You are viewing a plain text version of this content. The canonical link for it is here.
Posted to commits@lucene.apache.org by ma...@apache.org on 2021/01/24 02:18:20 UTC

[lucene-solr] 13/16: @1289 Allow getting the leader before being live.

This is an automated email from the ASF dual-hosted git repository.

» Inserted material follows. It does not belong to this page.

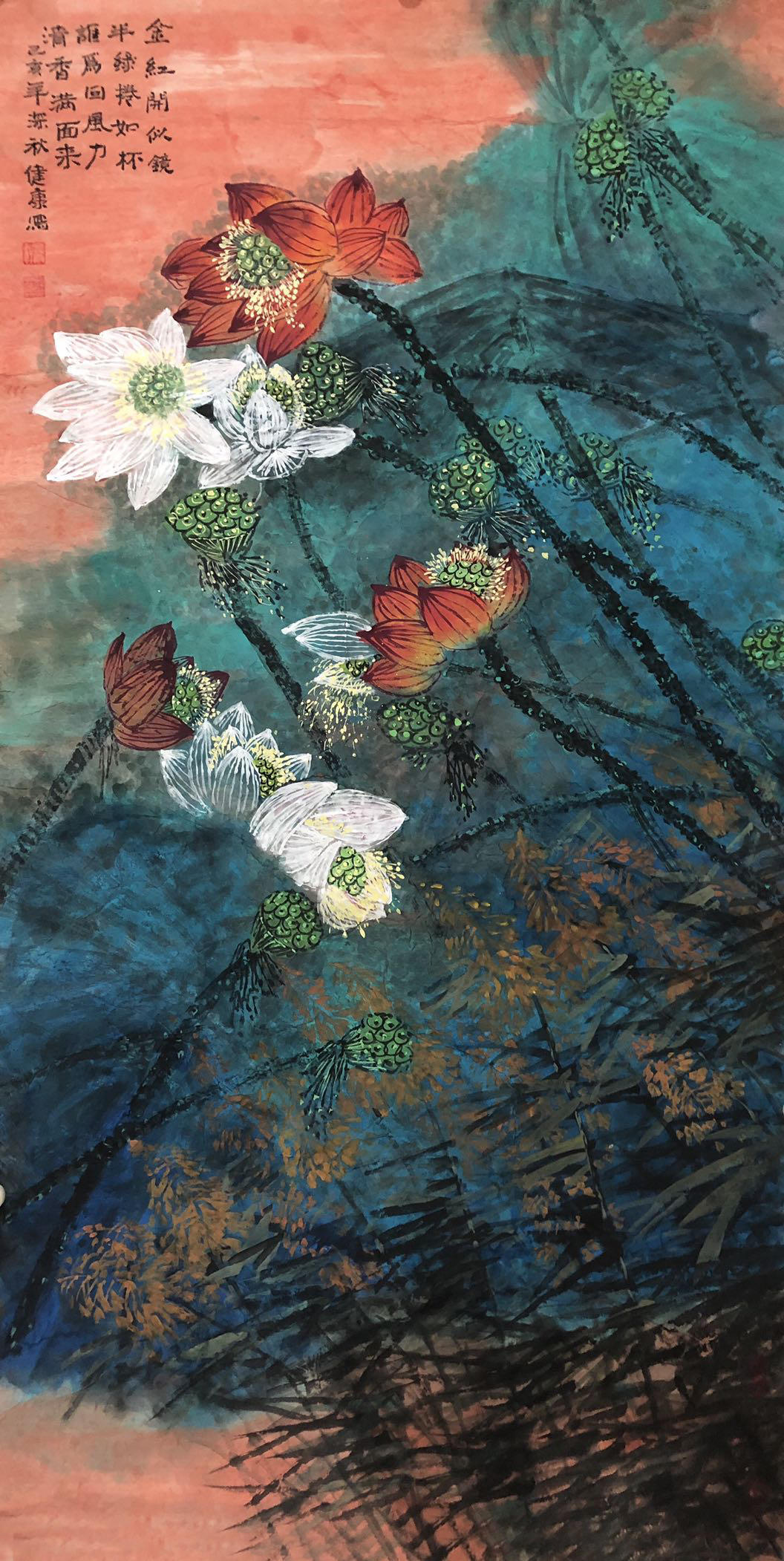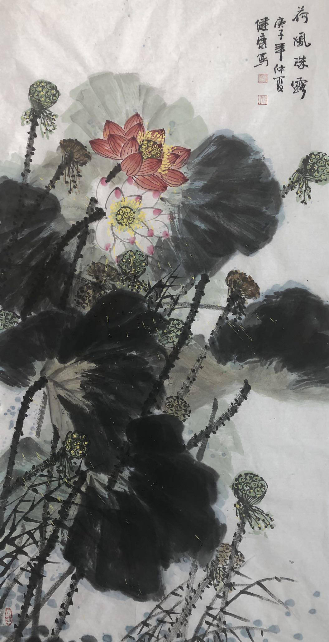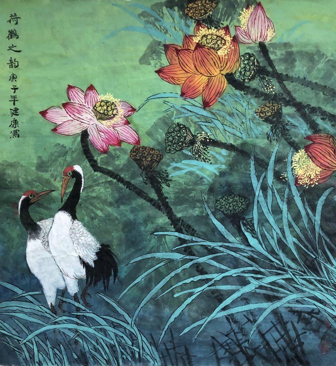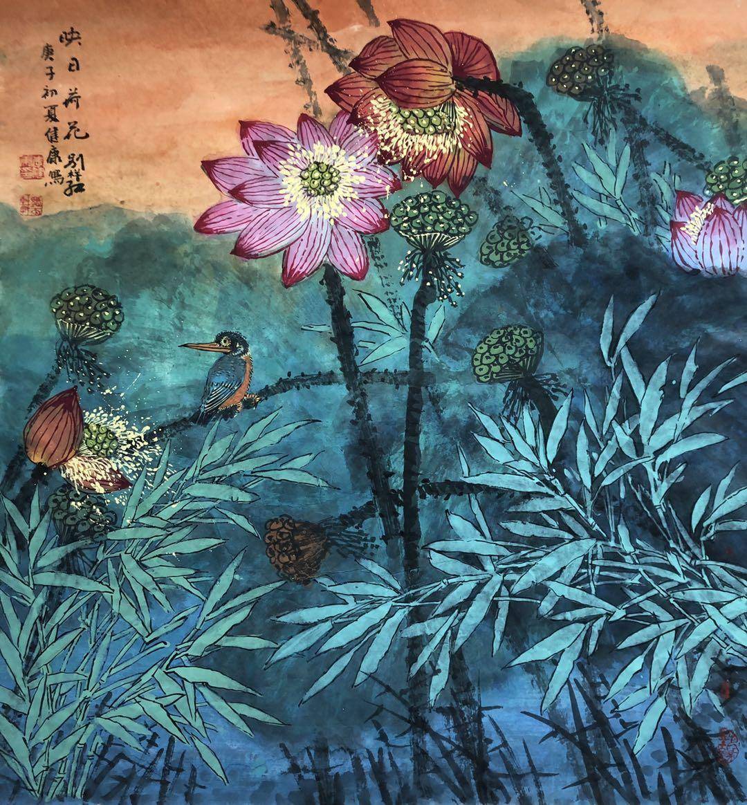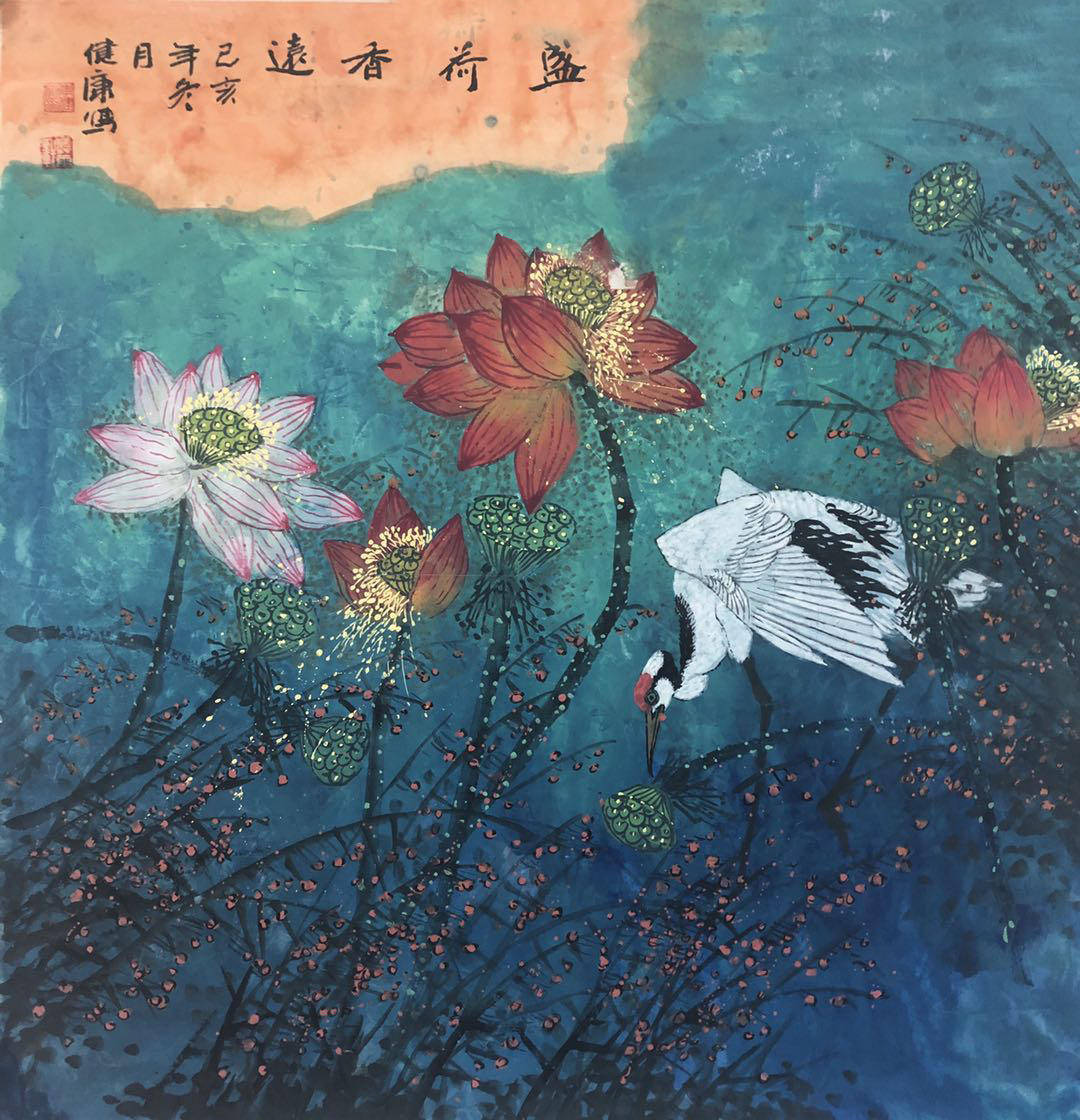 李健康,现为中国美术家协会会员、中国敤首书画艺术研究院院长、健康美术馆馆长、中国工艺美术协会会员、中国人民大学艺术学院高研班导师、中国沫若书画院艺委会主席、中国涉外经济学院客座教授、中华艺术家杂志社执行社长,国家一级美术师、山西运城盐湖书协、美协名誉主席。 2014年《绿色家园·百花写照》李健康书画全国巡回展(首站内蒙古呼市、第二站江苏无锡、第三站吉林长春、第四站福建东山、第五站江苏宜兴)取得圆满成功! 2015年作品《徽乡记忆》获“首届八大山人全国山水画作品展”优秀奖 中国美协主办 2015年作品《四君子》入选“高品洁性兰惠人生”中国美协主办 2015年作品《幽居在空谷》入选“纪念潘洁兹诞辰一百年全国中国画展”中国美协主办 2018年作品《秋风弄好音》入选“入蜀方知画意浓”全国美术作品展(中国画)中国美协主办 2018年作品《秋水长天》获“诗乡画城·潇洒桐庐”全国中国画作品展入会资格中国美协主办 2019年作品《徽乡记忆之月是故乡明》入选“山西省第十七届美术作品展”。 2019年作品《春暖鸭先知》参加山西省第五届工笔画展。 2019年作品《清风鸣翠》获“客都梅州.风眠故里”全国中国画(山水花鸟)作品展入会资格。{中国美协主办} 出版《李健康花鸟画作品集》、《中国名人堂 当代百名书画家系列—花鸟画家李健康》、《李健康扇面小品书法集》、《中国当代书画大家个案研究—李健康花鸟画作品集》等。 编者语—— 每到荷花盛开的季节,娇艳美丽的荷花,妩媚动人姿态,饱含韵味的她被无数文人墨客所赞颂,历代画家为之闲情寄写,执著不倦地为她写真传神。美好品格,更被人们当做是自身修养的品鉴。追捧荷花高贵品质的人络绎不绝,而李健康对荷花的追捧仍在继续, 他画的荷花独树一帜,神韵盎然。李健康画的荷花显得分外高洁清逸,不仅超凡脱俗、临风亭立的仙骨神韵给他以绝妙的美感享受,那出淤泥而不染、濯清涟而不妖的气节品性 。 作品赏析: 《金红开似镜》68x68cm

markrmiller pushed a commit to branch reference_impl_dev
in repository https://gitbox.apache.org/repos/asf/lucene-solr.git

commit 6884bde5845af3968b685347bba88a6d6cfdf3b5
Author: markrmiller@gmail.com <ma...@gmail.com>
AuthorDate: Thu Jan 21 23:35:03 2021 -0600

    @1289 Allow getting the leader before being live.
---
 .../org/apache/solr/cloud/RecoveryStrategy.java    |  5 ++-
 .../java/org/apache/solr/cloud/ZkController.java   |  5 +--
 .../java/org/apache/solr/handler/IndexFetcher.java |  2 +-
 .../processor/DistributedZkUpdateProcessor.java    | 10 ++---
 .../apache/solr/common/cloud/ZkStateReader.java    | 52 ++++++++++++++++++----
 5 files changed, 54 insertions(+), 20 deletions(-)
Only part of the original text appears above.